Fromgall.pavgal.gall@gmail.com
Date2015-10-07 07:13 -0700
Subjectchange data in large excel file(more than 240 000 rows on sheet)
Message-ID<9c23c9d1-4257-475b-a7f6-811e85fe83f3@googlegroups.com>
Hi Guys,
I need to change data in large excel file(more than 240 000 rows on sheet), it's possible through win32com.client, but i need use Linux OS ...
Please, could you advise some-thing suitable!

best regards, Pavel.

[toc] | [next] | [standalone]


#97482

FromMark Lawrence <breamoreboy@yahoo.co.uk>
Date2015-10-07 15:18 +0100
Message-ID<mailman.454.1444227551.28679.python-list@python.org>
In reply to#97481
On 07/10/2015 15:13, gall.pavgal.gall@gmail.com wrote:
> Hi Guys,
> I need to change data in large excel file(more than 240 000 rows on sheet), it's possible through win32com.client, but i need use Linux OS ...
> Please, could you advise some-thing suitable!
>
> best regards, Pavel.
>

http://www.python-excel.org/

-- 
My fellow Pythonistas, ask not what our language can do for you, ask
what you can do for our language.

Mark Lawrence

[toc] | [prev] | [next] | [standalone]


#97497

Fromgall.pavgal.gall@gmail.com
Date2015-10-08 02:58 -0700
Message-ID<caed8133-f4cb-420b-b9fd-4512fbe11400@googlegroups.com>
In reply to#97481
thanks Guys!
xlrd it's cool, but i need change existing file, which contains some sheets with large data...)
So, if i use xlwt(i.e. create new excel document), i will lose data from other sheets.
I tried use openpyxl, but got error :

Traceback (most recent call last):
  File "D:/WebPython/oneMoreTest.py", line 15, in <module>
    wb = load_workbook(filename='D:\WebPython\COX.DSG.Offering Product Catalog VANE.xlsx')
  File "C:\Python27\lib\site-packages\openpyxl\reader\excel.py", line 149, in load_workbook
    _load_workbook(wb, archive, filename, read_only, keep_vba)
  File "C:\Python27\lib\site-packages\openpyxl\reader\excel.py", line 236, in _load_workbook
    color_index=wb._colors)
  File "C:\Python27\lib\site-packages\openpyxl\reader\worksheet.py", line 327, in read_worksheet
    fast_parse(ws, xml_source, shared_strings, style_table, color_index)
  File "C:\Python27\lib\site-packages\openpyxl\reader\worksheet.py", line 315, in fast_parse
    parser.parse()
  File "C:\Python27\lib\site-packages\openpyxl\reader\worksheet.py", line 88, in parse
    stream = _get_xml_iter(self.source)
  File "C:\Python27\lib\site-packages\openpyxl\reader\worksheet.py", line 36, in _get_xml_iter
    xml_source = xml_source.encode("utf-8")
MemoryError

[toc] | [prev] | [next] | [standalone]


#97499

FromLaura Creighton <lac@openend.se>
Date2015-10-08 12:27 +0200
Message-ID<mailman.468.1444300069.28679.python-list@python.org>
In reply to#97497
You need to use the optimised reader.
https://openpyxl.readthedocs.org/en/latest/optimized.html

Laura

[toc] | [prev] | [next] | [standalone]


#97531

Fromgall.pavgal.gall@gmail.com
Date2015-10-09 01:21 -0700
Message-ID<3d355596-b1cb-4a1e-b234-21bf1e637f63@googlegroups.com>
In reply to#97499
Thanks Laura!
But i need to change existing excel file and if i use the optimised reader, i can read data only, but i can't change data.  

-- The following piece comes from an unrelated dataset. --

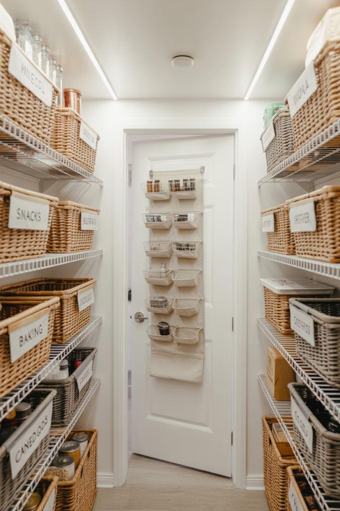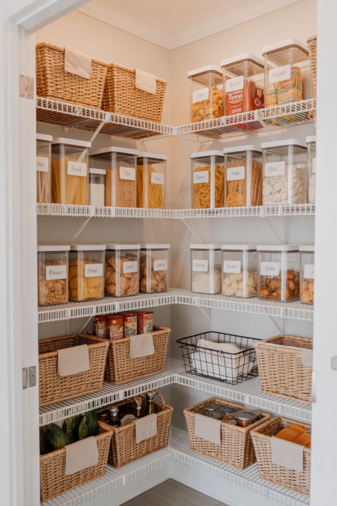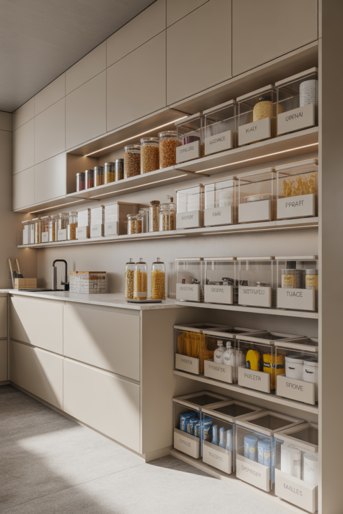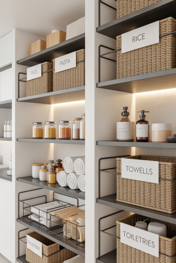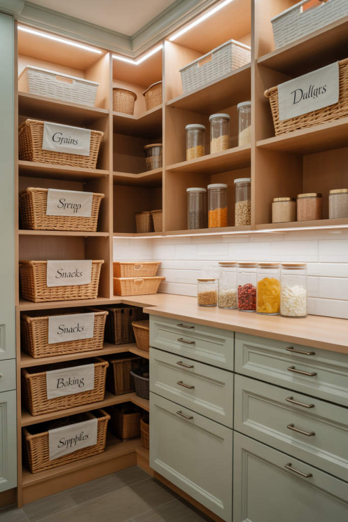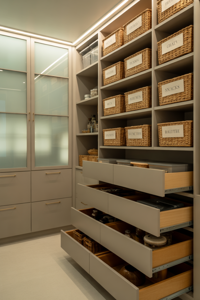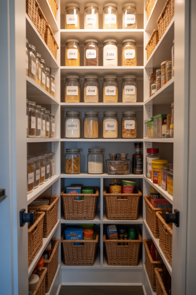 For those blessed with a large walk in pantry, zoning is key. Divide sections by food type-grains, baking, snacks, and cleaning. Add pull out drawers for hidden storage and baskets for produce. Keep things looking polished with matching containers and a neutral aesthetic.

[toc] | [prev] | [next] | [standalone]


#97533

FromLaura Creighton <lac@openend.se>
Date2015-10-09 13:07 +0200
Message-ID<mailman.506.1444388875.28679.python-list@python.org>
In reply to#97531
In a message of Fri, 09 Oct 2015 01:21:37 -0700, gall.pavgal.gall@gmail.com wri
tes:
>Thanks Laura!
>But i need to change existing excel file and if i use the optimised reader, i can read data only, but i can't change data.  

Hmmm.  When I have this problem I have other problems as well,
and they can pretty well all be sumarised as 'I never wanted 
an excel file anyway'. 

So first I convert the xlsx to a CVS.

import openpyxl
import csv

workbook = openpyxl.load_workbook('my_big_file.xlsx', read_only=True)
sheet = workbook['big_data']

with open('my_big_file.csv', 'wb') as f:
    c = csv.writer(f)
    for r in sh.rows:
        c.writerow([cell.value for cell in r])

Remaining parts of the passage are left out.